» **Exercise requirements**
A faithful copy is needed of the lines below from the one with "Стол угловой офисный" up to and including the one with "6月12日,beat365英"; set it down with no pictures and no other lines.

--- Material supplied Enclosed Below ---

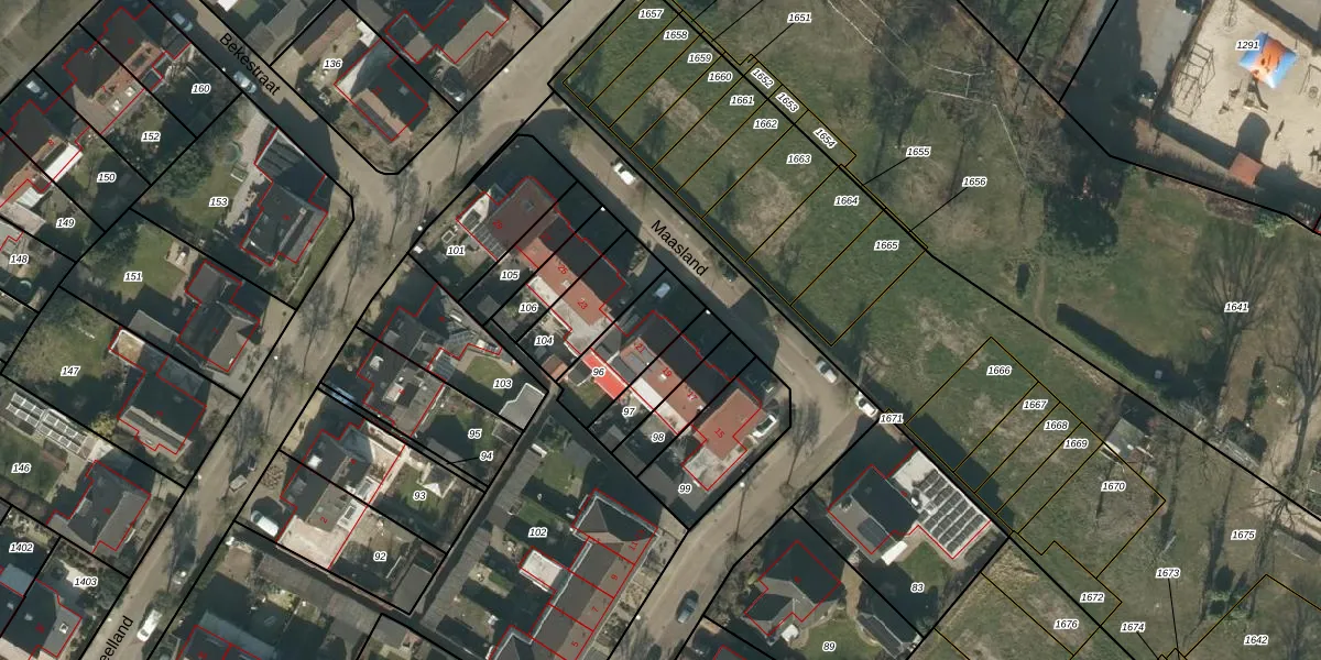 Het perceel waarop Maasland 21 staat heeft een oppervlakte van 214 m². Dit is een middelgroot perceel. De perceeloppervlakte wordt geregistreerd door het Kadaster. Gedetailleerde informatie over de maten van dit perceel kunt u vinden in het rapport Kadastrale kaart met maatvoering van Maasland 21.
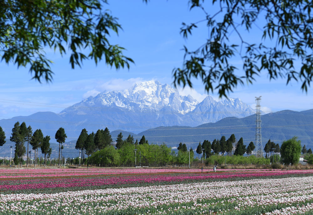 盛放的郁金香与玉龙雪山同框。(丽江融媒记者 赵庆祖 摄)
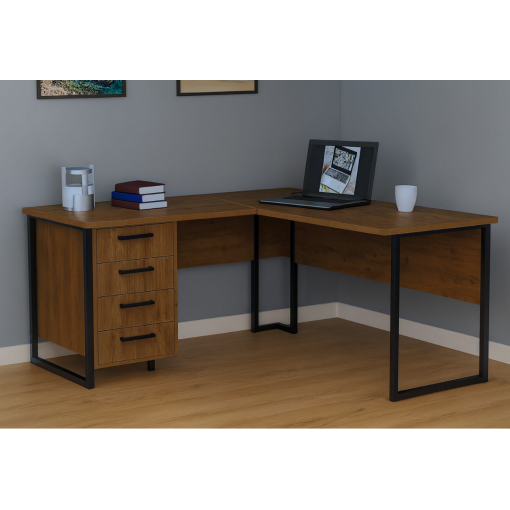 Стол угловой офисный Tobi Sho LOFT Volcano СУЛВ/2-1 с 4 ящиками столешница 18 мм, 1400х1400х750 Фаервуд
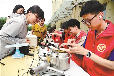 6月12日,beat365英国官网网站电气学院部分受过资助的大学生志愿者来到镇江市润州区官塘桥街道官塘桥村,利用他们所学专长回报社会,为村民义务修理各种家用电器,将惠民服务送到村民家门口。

--- End of Enclosed Material supplied ---
--- Material supplied Enclosed Below ---

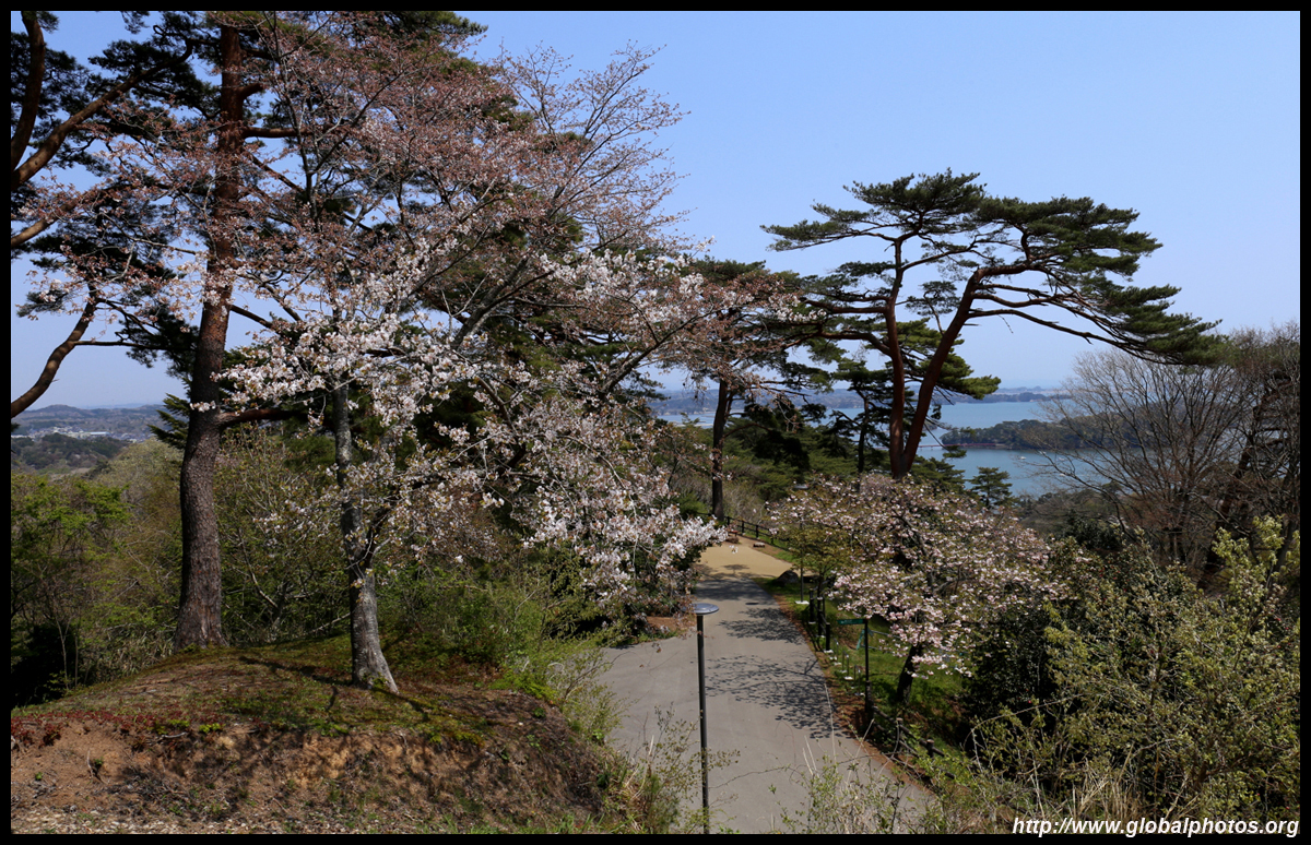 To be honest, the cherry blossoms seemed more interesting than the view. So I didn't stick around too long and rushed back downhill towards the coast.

--- End of Enclosed Material supplied ---

» **Solution to this exercise**
 Стол угловой офисный Tobi Sho LOFT Volcano СУЛВ/2-1 с 4 ящиками столешница 18 мм, 1400х1400х750 Фаервуд
 6月12日,beat365英国官网网站电气学院部分受过资助的大学生志愿者来到镇江市润州区官塘桥街道官塘桥村,利用他们所学专长回报社会,为村民义务修理各种家用电器,将惠民服务送到村民家门口。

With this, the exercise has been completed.